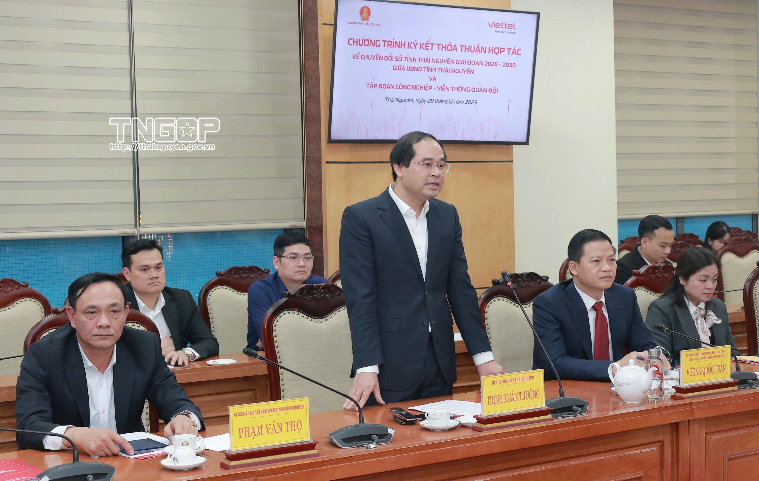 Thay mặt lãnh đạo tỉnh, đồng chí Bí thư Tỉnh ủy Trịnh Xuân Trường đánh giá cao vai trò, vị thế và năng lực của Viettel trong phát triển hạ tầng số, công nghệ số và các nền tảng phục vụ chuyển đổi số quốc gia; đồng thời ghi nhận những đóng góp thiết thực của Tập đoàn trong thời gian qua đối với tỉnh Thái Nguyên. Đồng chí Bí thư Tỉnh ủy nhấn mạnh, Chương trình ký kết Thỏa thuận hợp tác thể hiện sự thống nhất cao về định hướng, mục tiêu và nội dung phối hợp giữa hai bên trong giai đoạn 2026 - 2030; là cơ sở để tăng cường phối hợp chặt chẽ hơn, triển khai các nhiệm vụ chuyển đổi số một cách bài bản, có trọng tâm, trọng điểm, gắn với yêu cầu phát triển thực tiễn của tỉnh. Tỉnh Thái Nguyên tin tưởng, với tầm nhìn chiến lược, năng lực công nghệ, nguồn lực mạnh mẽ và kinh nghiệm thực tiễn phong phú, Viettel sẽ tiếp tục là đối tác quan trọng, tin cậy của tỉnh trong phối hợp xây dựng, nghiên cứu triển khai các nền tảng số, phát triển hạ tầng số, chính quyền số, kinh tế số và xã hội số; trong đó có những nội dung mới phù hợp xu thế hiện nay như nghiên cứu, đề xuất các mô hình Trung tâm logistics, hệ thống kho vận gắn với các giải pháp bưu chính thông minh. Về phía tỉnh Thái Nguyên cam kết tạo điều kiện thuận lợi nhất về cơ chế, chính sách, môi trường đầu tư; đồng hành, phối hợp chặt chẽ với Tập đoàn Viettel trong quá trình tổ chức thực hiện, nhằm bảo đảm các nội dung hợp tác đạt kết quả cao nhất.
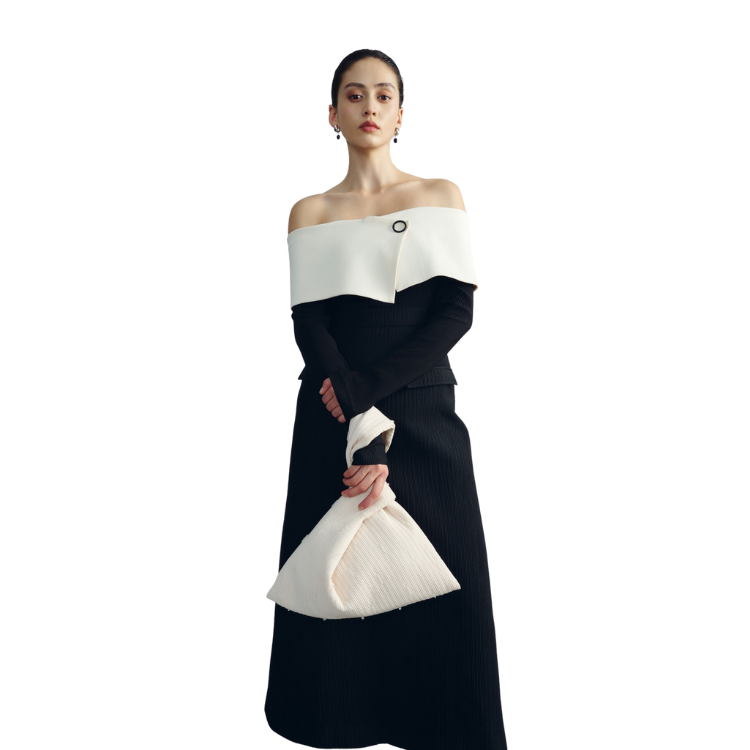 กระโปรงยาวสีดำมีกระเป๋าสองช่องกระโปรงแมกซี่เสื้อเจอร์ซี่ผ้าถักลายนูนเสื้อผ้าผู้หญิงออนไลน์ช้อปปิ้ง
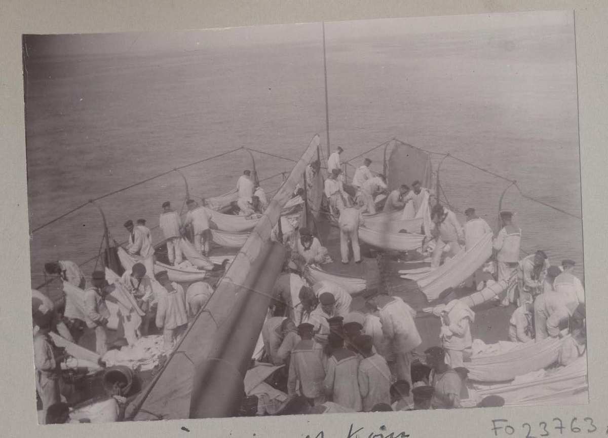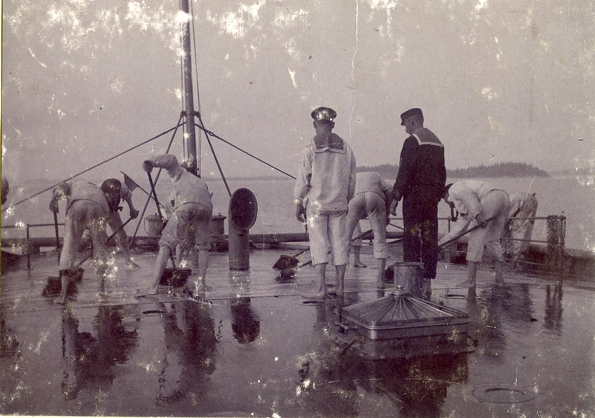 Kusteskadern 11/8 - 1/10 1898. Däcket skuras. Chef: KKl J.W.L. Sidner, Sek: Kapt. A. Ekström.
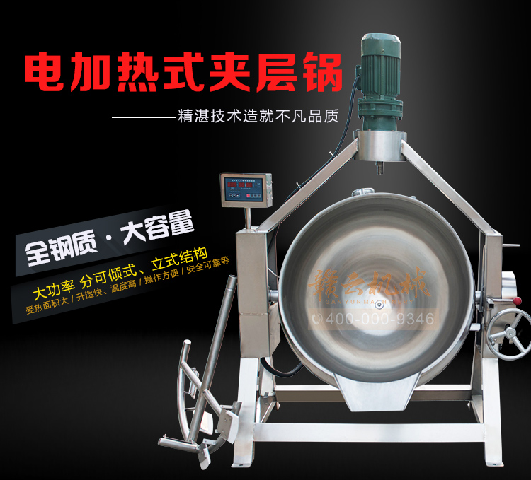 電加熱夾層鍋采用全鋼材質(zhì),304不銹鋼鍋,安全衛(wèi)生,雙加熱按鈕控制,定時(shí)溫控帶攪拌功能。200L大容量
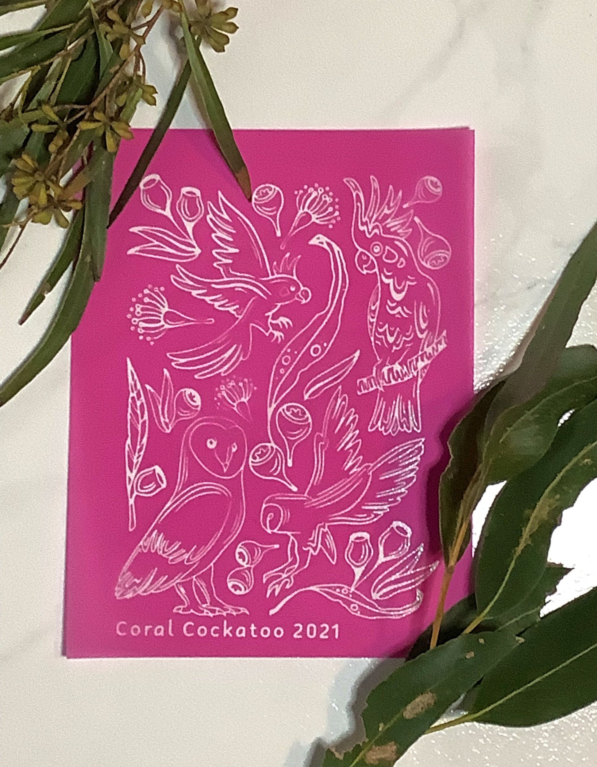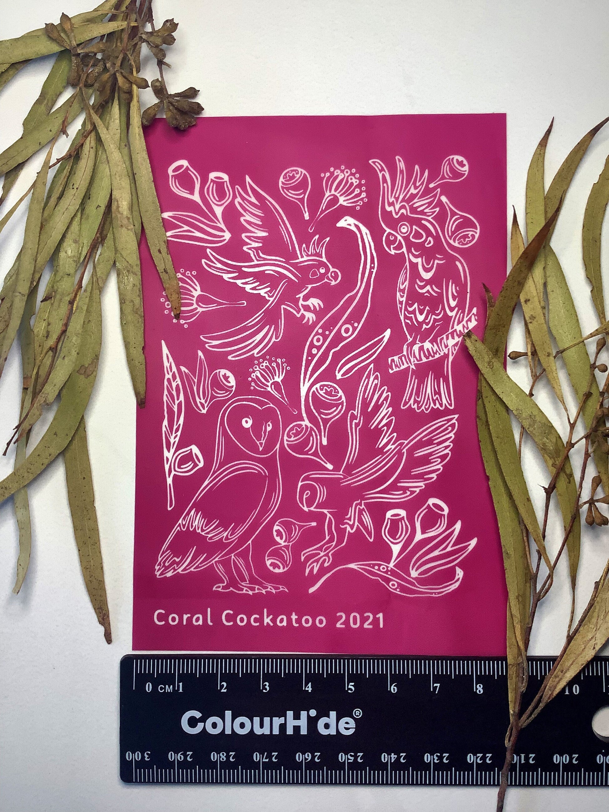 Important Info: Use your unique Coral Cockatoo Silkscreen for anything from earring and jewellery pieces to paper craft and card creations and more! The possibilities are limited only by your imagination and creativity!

---+---

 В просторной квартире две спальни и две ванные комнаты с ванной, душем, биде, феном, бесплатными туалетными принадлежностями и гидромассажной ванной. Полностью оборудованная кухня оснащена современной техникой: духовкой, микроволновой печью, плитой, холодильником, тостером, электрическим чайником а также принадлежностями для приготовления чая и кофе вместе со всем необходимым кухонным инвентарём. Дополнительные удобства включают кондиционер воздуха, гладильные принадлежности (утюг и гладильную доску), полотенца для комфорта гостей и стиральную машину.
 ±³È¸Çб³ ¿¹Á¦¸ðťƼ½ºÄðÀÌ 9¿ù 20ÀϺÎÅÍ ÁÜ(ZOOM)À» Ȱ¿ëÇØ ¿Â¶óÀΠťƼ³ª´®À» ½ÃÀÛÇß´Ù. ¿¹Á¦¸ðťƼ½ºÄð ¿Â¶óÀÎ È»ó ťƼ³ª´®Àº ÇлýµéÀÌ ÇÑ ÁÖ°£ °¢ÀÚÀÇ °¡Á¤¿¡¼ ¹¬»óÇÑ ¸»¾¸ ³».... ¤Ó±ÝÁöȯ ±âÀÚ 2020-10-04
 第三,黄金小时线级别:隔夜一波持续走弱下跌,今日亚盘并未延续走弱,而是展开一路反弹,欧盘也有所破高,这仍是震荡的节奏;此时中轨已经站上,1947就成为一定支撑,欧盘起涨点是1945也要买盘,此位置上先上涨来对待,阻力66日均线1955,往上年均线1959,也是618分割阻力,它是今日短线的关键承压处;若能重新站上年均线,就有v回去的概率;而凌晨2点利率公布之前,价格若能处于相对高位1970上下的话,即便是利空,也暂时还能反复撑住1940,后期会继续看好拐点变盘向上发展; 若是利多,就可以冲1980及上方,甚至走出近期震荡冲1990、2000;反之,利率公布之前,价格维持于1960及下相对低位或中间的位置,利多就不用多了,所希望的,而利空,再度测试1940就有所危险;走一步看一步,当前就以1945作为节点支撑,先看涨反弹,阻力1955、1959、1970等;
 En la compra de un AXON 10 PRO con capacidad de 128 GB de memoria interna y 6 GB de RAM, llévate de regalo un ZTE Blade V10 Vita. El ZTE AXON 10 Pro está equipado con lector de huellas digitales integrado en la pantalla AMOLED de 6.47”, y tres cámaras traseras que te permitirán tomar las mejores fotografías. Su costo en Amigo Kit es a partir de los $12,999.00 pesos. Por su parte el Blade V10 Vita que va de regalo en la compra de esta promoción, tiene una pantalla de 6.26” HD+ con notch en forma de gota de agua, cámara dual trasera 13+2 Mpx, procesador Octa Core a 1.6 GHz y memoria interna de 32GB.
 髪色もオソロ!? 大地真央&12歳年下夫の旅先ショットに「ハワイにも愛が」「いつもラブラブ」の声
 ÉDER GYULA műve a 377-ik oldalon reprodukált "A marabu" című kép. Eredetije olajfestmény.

---+---

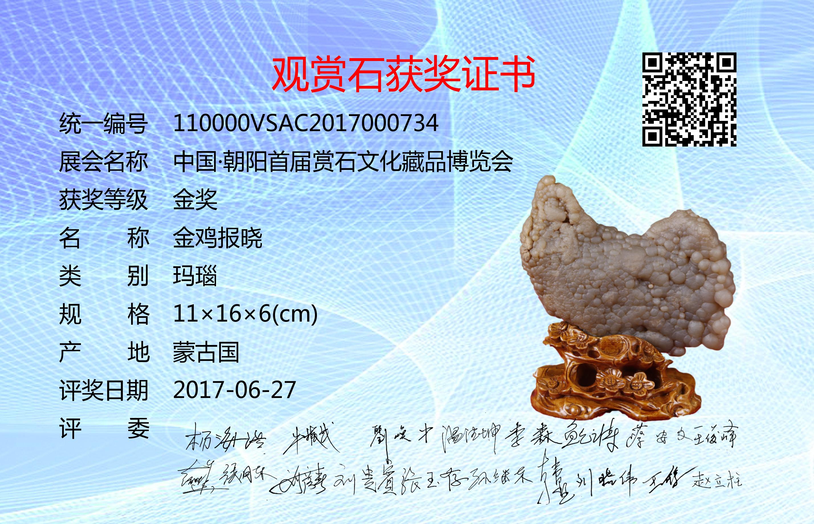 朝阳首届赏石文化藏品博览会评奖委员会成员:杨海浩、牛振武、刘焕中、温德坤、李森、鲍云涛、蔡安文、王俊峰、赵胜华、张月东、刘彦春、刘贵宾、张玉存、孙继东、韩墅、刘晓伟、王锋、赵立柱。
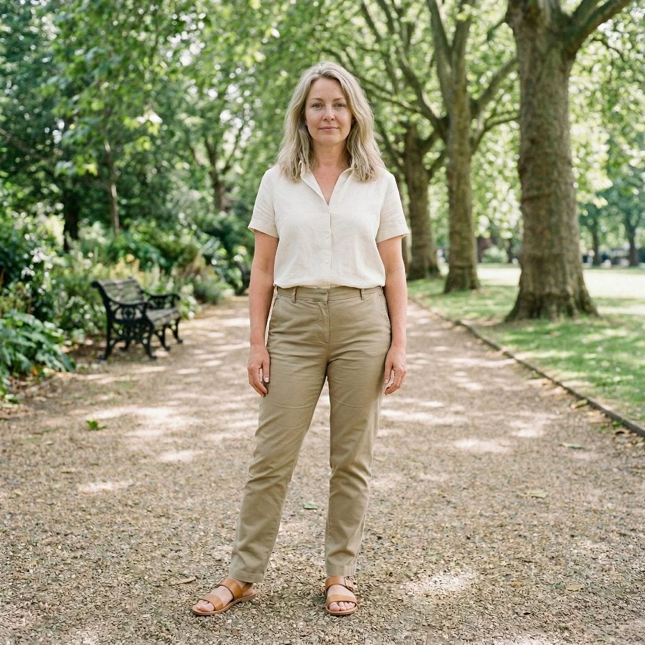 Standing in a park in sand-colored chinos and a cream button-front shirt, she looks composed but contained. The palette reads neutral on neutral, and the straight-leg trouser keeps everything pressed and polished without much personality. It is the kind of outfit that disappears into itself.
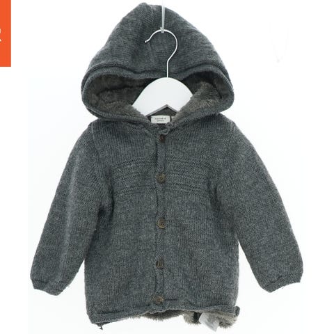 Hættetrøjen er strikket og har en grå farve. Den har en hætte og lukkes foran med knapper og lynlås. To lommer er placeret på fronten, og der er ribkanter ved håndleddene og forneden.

---+---

What the task asks: Starting at the line that contains "朝阳首届赏石文化藏品博览会评" and ending at the line that contains "Standing in a", transcribe the material above exactly, excluding pictures.

Solution for this problem:
 朝阳首届赏石文化藏品博览会评奖委员会成员:杨海浩、牛振武、刘焕中、温德坤、李森、鲍云涛、蔡安文、王俊峰、赵胜华、张月东、刘彦春、刘贵宾、张玉存、孙继东、韩墅、刘晓伟、王锋、赵立柱。
 Standing in a park in sand-colored chinos and a cream button-front shirt, she looks composed but contained. The palette reads neutral on neutral, and the straight-leg trouser keeps everything pressed and polished without much personality. It is the kind of outfit that disappears into itself.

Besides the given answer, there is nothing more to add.